"The best of both worlds", designing molecules from scratch, and the deep learning architecture S4 is used for chemical language modeling

2024-08-02 15:20:00

Edit | KX

Generative deep learning is reshaping drug design. Chemical language models (CLMs) are particularly important for this process to generate molecules in the form of strings of molecules.

Recently, researchers from Eindhoven University of Technology in the Netherlands introduced a new deep learning architecture (S4) into de novo drug design.

结构化状态空间序列（Structured State Space Sequence，S4）模型在学习序列的全局属性方面表现卓越，那么 S4 能否推进从头设计的化学语言建模？

To provide answers, researchers systematically benchmarked S4 against state-of-the-art CLMs on a range of drug discovery tasks, such as the identification of bioactive compounds and the design of drug-like molecules and natural products. S4 has the superior ability to explore a wide variety of scaffolds while learning complex molecular properties.

Finally, when prospectively applied to kinase inhibition, 8 out of 10 molecules of the S4 design were predicted to be highly active by molecular dynamics simulations.

All in all, S4 has great potential in chemical language modeling, especially in capturing biological activity and complex molecular properties. This is the first time that a state-space model has been applied to a molecular task.

相关研究以「Chemical language modeling with structured state space sequence models」为题，于 7 月 22 日发布在《Nature Communications》上。

Link to paper: https://www.nature.com/articles/s41467-024-50469-9

Designing a molecule from scratch with the desired properties is a "needle in a haystack" problem. The chemical universe contains up to 10^60 small molecules, which remain unknown to a considerable extent.

Generative deep learning enables the production of the required molecules without the need to design rules by hand, allowing you to explore the chemical universe in a time-saving, low-cost way. In particular, CLM has produced experimentally validated bioactive designs and stands out as a powerful molecular generator.

CLM uses algorithms developed for sequence processing to learn the "language of chemistry", i.e., how to generate molecules that are chemically valid (syntactic) and have the desired properties (semantics). This is achieved by representing the molecular structure as a string symbol, such as the Simplified Molecular Input Line Input System (SMILES), etc. These molecular strings are then used for model training and subsequently generated as text.

Figure: Key concepts of a structured state space sequence (S4) model for chemical language modeling. (Source: Paper)

Several CLM architectures are used for de novo design, the most popular of which are the Long Short-Term Memory (LSTM) model and the Transformer architecture.

The Structured State Space Sequence Model (S4) is a fast-growing new member of the state space architecture family, and it is gaining traction in the deep learning community. S4 excels in audio, image, and text generation, and has a "dual nature": they (1) train on the entire input sequence to learn complex global properties, and (2) generate string elements one at a time, combining some of the best of both Transformer and LSTM. Inspired by this "best of both worlds", the researchers ask the following question: Could S4 advance the latest developments in chemical language modeling?

In the study, the researchers applied S4 to chemical language modeling on SMILES strings and benchmarked it for a variety of tasks related to drug design, from learning about biological activity to chemical space exploration and natural product design.
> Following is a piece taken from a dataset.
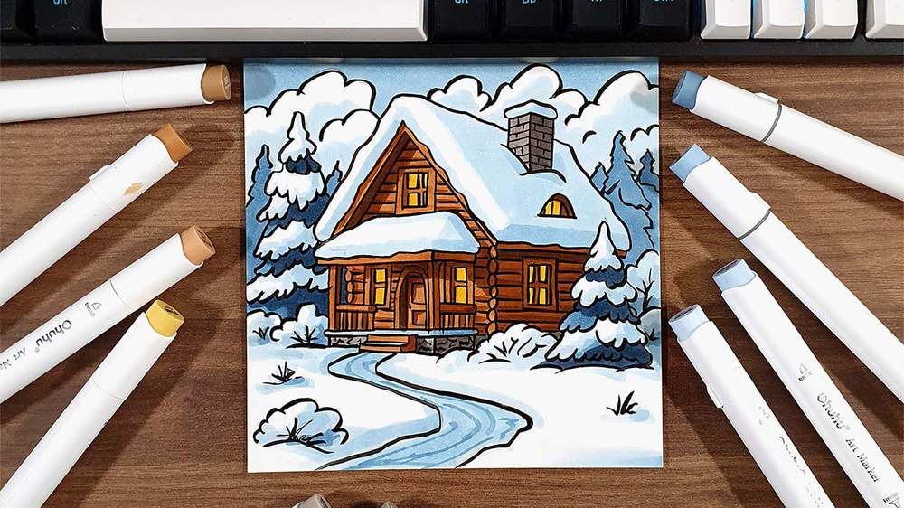 In this easy step-by-step guide, I’ll show you exactly how I drew a cozy winter house scene, from the first sketch to the final layer of snowy marker shading.

Drug-like molecules and natural product design

Researchers have benchmarked S4 against state-of-the-art CLM on a range of drug discovery tasks, such as the design of drug-like molecules and natural products.
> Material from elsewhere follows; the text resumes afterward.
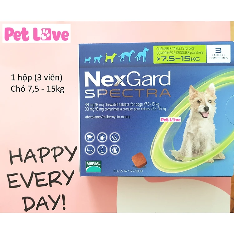1 hộp NexGard Spectra trị giun, ghẻ, ve rận, viêm da (chó 7,5 - 15kg; hộp 3 viên)

First, S4 was analyzed for its ability to design drug-like small molecules (SMILES with less than 100 tokens) extracted from the ChEMBL database.

All CLMs generated more than 91% of active molecules, 91% of unique molecules, and 81% of new molecules. S4 designs the most effective, unique, and novel molecules by generating more new molecules than the benchmark (approximately 4000 to more than 12,000) and has shown a good ability to learn the "chemical grammar" of SMILES strings. The potential of S4 is further demonstrated on the MOSES benchmark compared to existing de novo design methods, where S4 consistently ranks among the best performing deep learning methods.

S4 has also been further tested for molecular entities that are more challenging than drug-like molecules. To do this, the researchers evaluated its ability to design natural products (NPs). NPs tend to have more complex molecular structures and ring systems, as well as a larger proportion of sp3 hybrid carbon atoms and chiral centers than synthetic small molecules. These features correspond to longer SMILES sequences on average, have more long-range dependence, and make natural products a challenging test case for CLM.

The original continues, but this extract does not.